This summary is based on the second quarter fiscal 2007 earnings call conducted by Alcoa Inc. (AA: chart) on July 9, 2007.
Chief Financial Officer: Chuck McLane
Chief Executive Officer: Alain Belda
Investor Relations: Tony Thene
Key Investors Issues
- Earnings per share were 81 cents compared to 85 cents in the prior year.
- Quarterly revenue grew 2% sequentially to $8.1 billion.
- For the first two quarters of fiscal 2007, Alcoa reported earnings of $1.38 billion, up 2.2% from prior year.
Second Quarter Fiscal 2007 Financial Highlights
In the second quarter, the firm continued to deliver outstanding results, achieving the second-highest earnings in the company’s history.

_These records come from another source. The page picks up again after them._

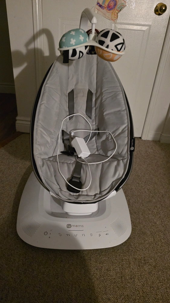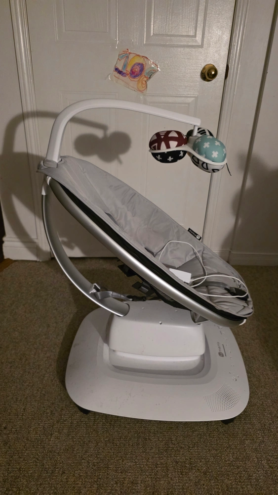 Selling a gently used 4moms MamaRoo baby swing! It's in great condition and comes with the original charger. This swing is perfect for soothing your little one with its different motions and speeds. It also includes the mobile with the soft, plush balls to keep baby entertained. A great item to help keep your baby happy!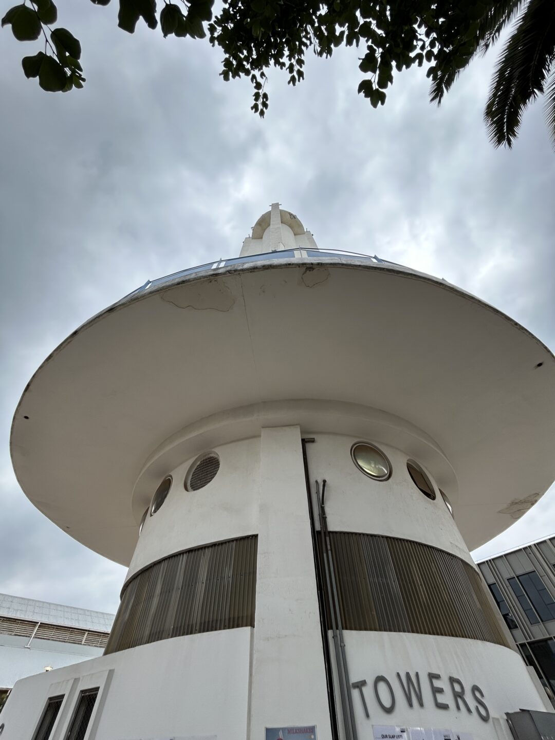 A raised circular cantilevered viewing platform was originally provided at the base of the tower. The curved outer edge of this platform was slightly recessed behind the faces of the four fins and was protected with a wrought iron deco-style balustrade. Circulation around the viewing platform was made possible with door ways let through each of the fins at their junction with the curved face of the tower. Access to the viewing platform was via an attached, curved open stair on the west side of the tower, set between two of the fins.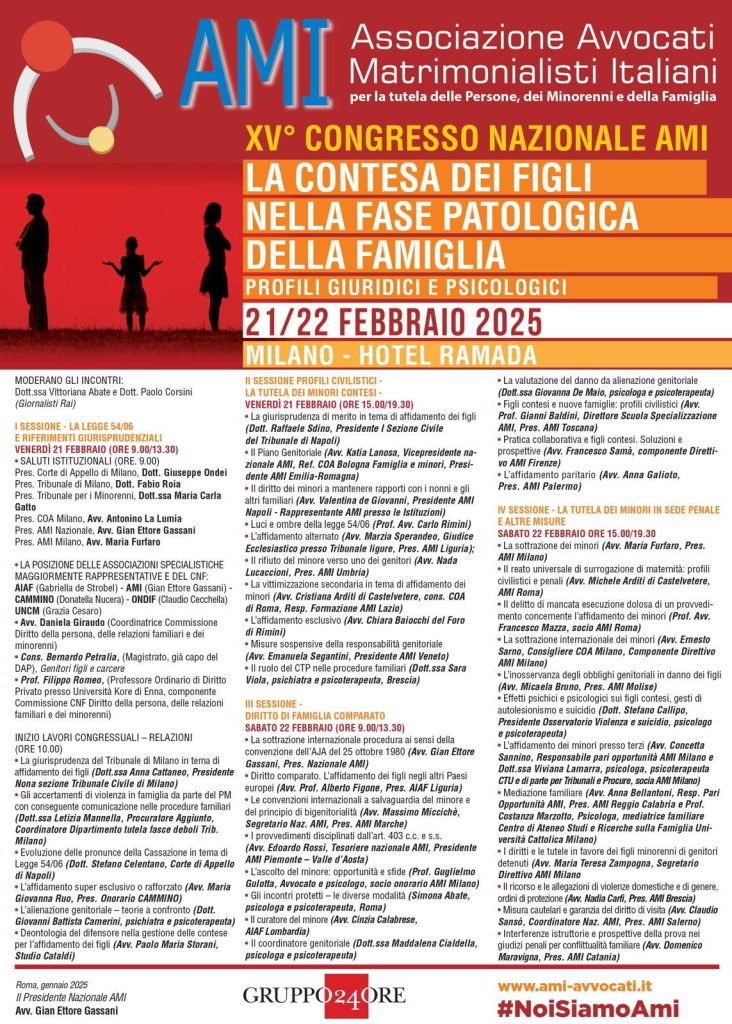 XV° CONGRESSO NAZIONALE AMI: LA CONTESA DEI FIGLI NELLA FASE PATOLOGICA. PROFILI GIURIDICI E PSICOLOGICI | Associazione Matrimonialisti Familiaristi Italiani – Per la tutela delle persone, dei minorenni e della famiglia – formazione professionale multidisciplinare forense

Income from continuing operations was $716 million, or 81 cents per share. Included in the results was a favorable after-tax restructuring adjustment of $21 million, or 2 cents per share. This adjustment was generated as a result of completing the soft alloy extrusion JV with Sapa. The quarterly results also included 2 cents per share in after-tax transaction costs stemming from the outstanding offer from Alcan. It is worth noting that the strong results were achieved despite the $36 million or 4 cents per share of curtailment costs at Tennessee and Rockdale.
Quarterly revenue of $8.1 billion, an all-time high, was up 2% sequentially and 3.5% higher than the year-ago quarter.
The company completed the JV for soft alloy extrusions on June 1st. Once the firm did that, those revenues ceased to be included in the consolidated results. If the company was to include those in its consolidated results, the revenues would have been $8.3 billion.
Cost of goods sold as a percent of sales increased slightly on a sequential basis.
Excluding the primary business curtailment and start-up costs, the underlying improvement was driven by productivity. SG&A costs as a percent of sales remained flat at 4.5%, though they included $26 million of transaction costs. Interest expense increased due to slightly higher debt levels.
Restructuring charges were a credit of $57 million.
The main driver was the completion of the Sapa joint venture as the asset valuations were higher than originally anticipated. The corresponding tax rate for the transaction was also higher than originally forecast. The original net impairment that the firm took last year was therefore reduced accordingly. The net impact to after-tax earnings from restructuring was $21 million, or 2 cents per share.
EBITDA margin for the quarter increased to 10% compared to 8.8% in the prior year quarter.
Full year 2006 EBITDA margin of 7.6% increased to 8.8% for the first half of 2007. Looking forward to the third quarter, the firm expects productivity improvements to offset any cost inflation and closures is expected to experience its normal seasonal decline.
Alcoa continued to build on a string of solid cash generation quarters with cash from operations of $1.35 billion, up $650 million year over year and $822 million sequentially.
Working capital decreased $474 million in the quarter, driven mainly by improvements in inventories and payables. In terms of days of working capital, the firm reduced 2.8 days year over year and 2.6 days sequentially.
Capital expenditures for the quarter were $891 million.